Вероятно, попытается подрезать нас после получения денег. Но этого я Рэйган не скажу.

— Почему они не заполнят бассейн? — спрашивает она.

— Это знак контроля. Заполнение бассейна было бы актом неповиновения и знаком, что парни из ADA теряют свою власть над районом.

— ADA?

— «Amigos de Amigos». Друзья друзей. У каждой фавелы есть собственная банда наблюдателей от наркобаронов. Обезьяний Холм находится под контролем ADA. Они занимаются торговлей оружия и наркотиков, но вроде не женщин.

Рэйган фыркает:

— Ничего себе, так благочестиво с их стороны.

— У всех есть свои границы, — я пожимаю плечами.

— Почему же народ не бунтует? Ты сказал, у всех здесь есть оружие.

— Банды обеспечивают инфраструктуру и дают некое чувство стабильности. Полицейские прогибаются потому, что банда с большой властью и правильным лидером может обеспечить этим людям лучшую жизнь, чем правительство. Если твою дочь изнасилуют, банда вершит правосудие от твоего имени. Обезьяний Холм — одно из лучших мест. Реальную опасность для живущих здесь представляют только конкурирующие банды, которые давят со всех сторон. На разборках убивают больше людей, чем где бы то ни было.

— Говоришь так, будто одобряешь их деятельность, — говорит она.

— До этого я служил в армии, и могу сказать, что по благословению правительства США я убил гораздо больше народу, чем по собственной нужде. Полагаю, важно защищать людей, о которых ты заботишься. Это важный принцип для меня. C другой стороны, есть фавелы под названием «Слезы Бога», они были запущены несколько лет назад под руководством человека по имени Рука Ножа. Там экспериментировали с местными культурами, сорвали существующие устои и установили новые. Жители фавелы носили медальон, выбитый из местного гранита. Говорят, что если ты навредишь члену фавелы «Слезы Бога», ты и вся твоя семья будут убиты в отместку.

— Это жестоко.

Я думаю о том, что хотел бы сделать с людьми, которые схватили мою сестру, и с теми, что обижали Рэйган, и качаю головой. Эти фантазии могли бы напугать её больше и заставить бежать быстрее, чем моё желание к ней.

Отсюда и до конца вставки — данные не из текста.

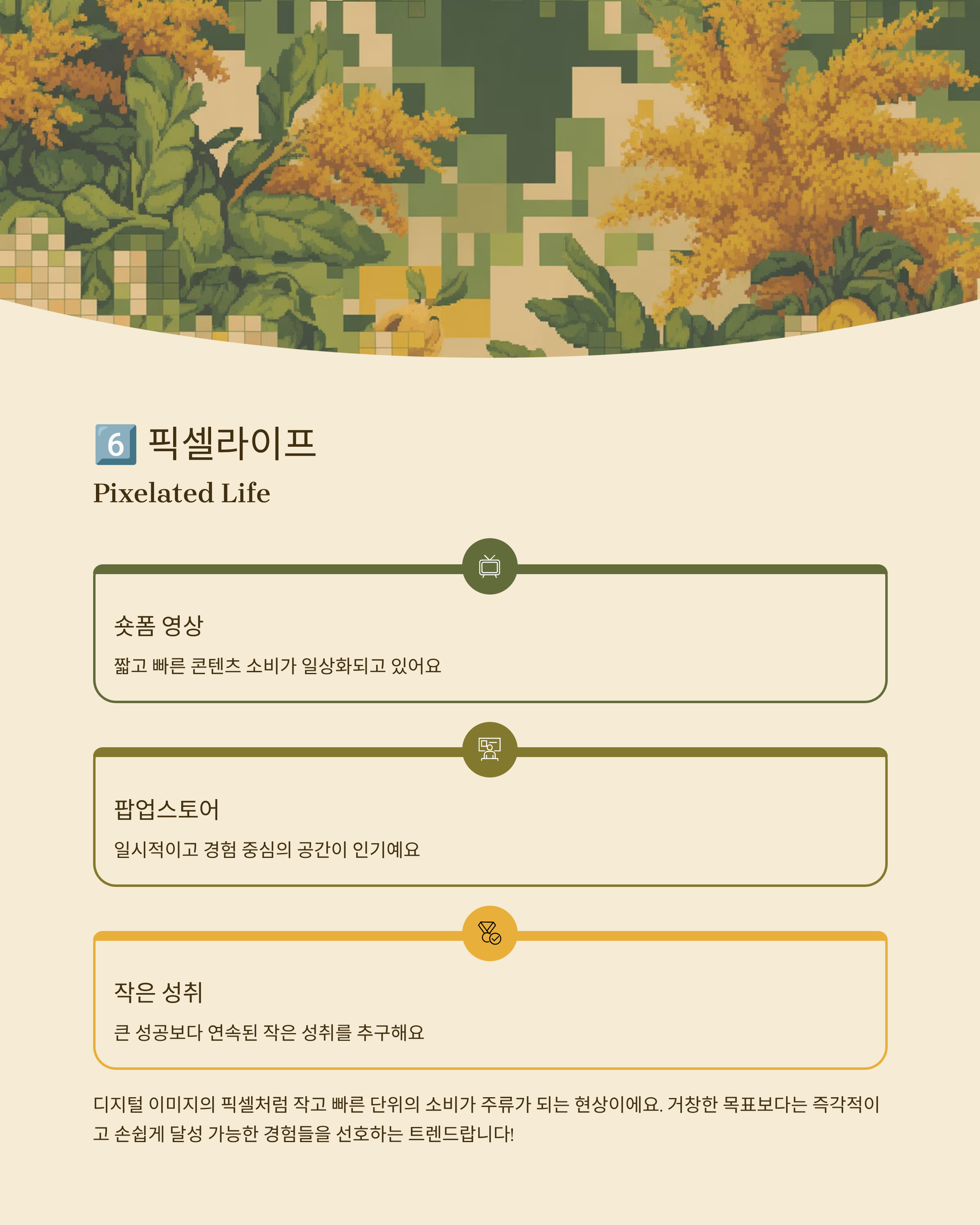 6. 픽셀라이프(Pixelated Life) 디지털 이미지의 픽셀처럼 작고 빠른 단위의 소비가 주류가 되는 현상입니다. 숏폼 영상이나 팝업스토어가 대표 사례이며, 큰 성공보다 작은 성취의 연속이 더 중시됩니다.

— Может быть, но я не слышал ни об одной войне за территорию, люди не ходят вооруженные до зубов, а полиция не проносится, как торнадо с вихрем пуль и гранат.

На другом конце поля появляется одинокая фигура и движется, прежде чем Рэйган успевает ответить. Я слышу её шаги в мою сторону, значит, она всё-таки слушает меня. Девушка кладет руку мне на спину, этого не достаточно, чтобы удержать меня или ограничить в движении, но достаточно, чтобы не прерывать связь между нами. Подозреваю, что другой рукой она придерживает приклад пистолета.

Информатор видит меня и поворачивается, чтобы спустится к старому заброшенному продуктовому магазину. Буквы в названии стерлись, но на одном окне заявлено, что здесь продавали фрукты и бобы. Мы заходим в здание, здесь абсолютно пусто, даже нет полок. В задней части выступают склады и хранилища. Плитка на полу разбита и покрыта темными пятнами крови.

Мой информатор идет к двери спиной, и я прижимаюсь к противоположной стене. Мы не доверяем друг другу. Незнакомцы, связанные бизнесом. Убийство не произойдет, пока сделка не состоится. Стукач одет в толстовку и мешковатые джинсы — универсальный наряд подростка-хулигана любой страны мира. Кроме, возможно Восточной Азии. Эти парни носят зауженные джинсы.

— Всё здесь, — он протягивает мне руку в перчатке, а в ней маленькую карту памяти.

У него слегка трясётся рука, выдавая его нервозность. Нервные люди склоны сначала стрелять, а потом разбираться в перспективе и правильности поступка. Всё в этом информаторе вопит о том, что он новичок. Стоит ли нам с Рэйган убивать его? Перчатки на его руках слишком велики, чтобы быстро и плавно извлечь пистолет. Мешковатые штаны слишком большие и помешают ему бежать, а капюшон сужает его поле зрения. Я немного сдвигаюсь влево, чтобы оказаться на границе его периферийного зрения.

Я беру SD-карту, вытаскиваю не активированный смартфон и вставляю в него карту. Загружаю приложение и протягиваю Рэйган:

— Читай. Вслух.

Информатор протестует:

— Дай мне оплату.

— Нет, — я качаю головой, чертовски ненавижу работать с любителями. — Слушай, женщина, мы проверим твою информацию, а затем я заплачу.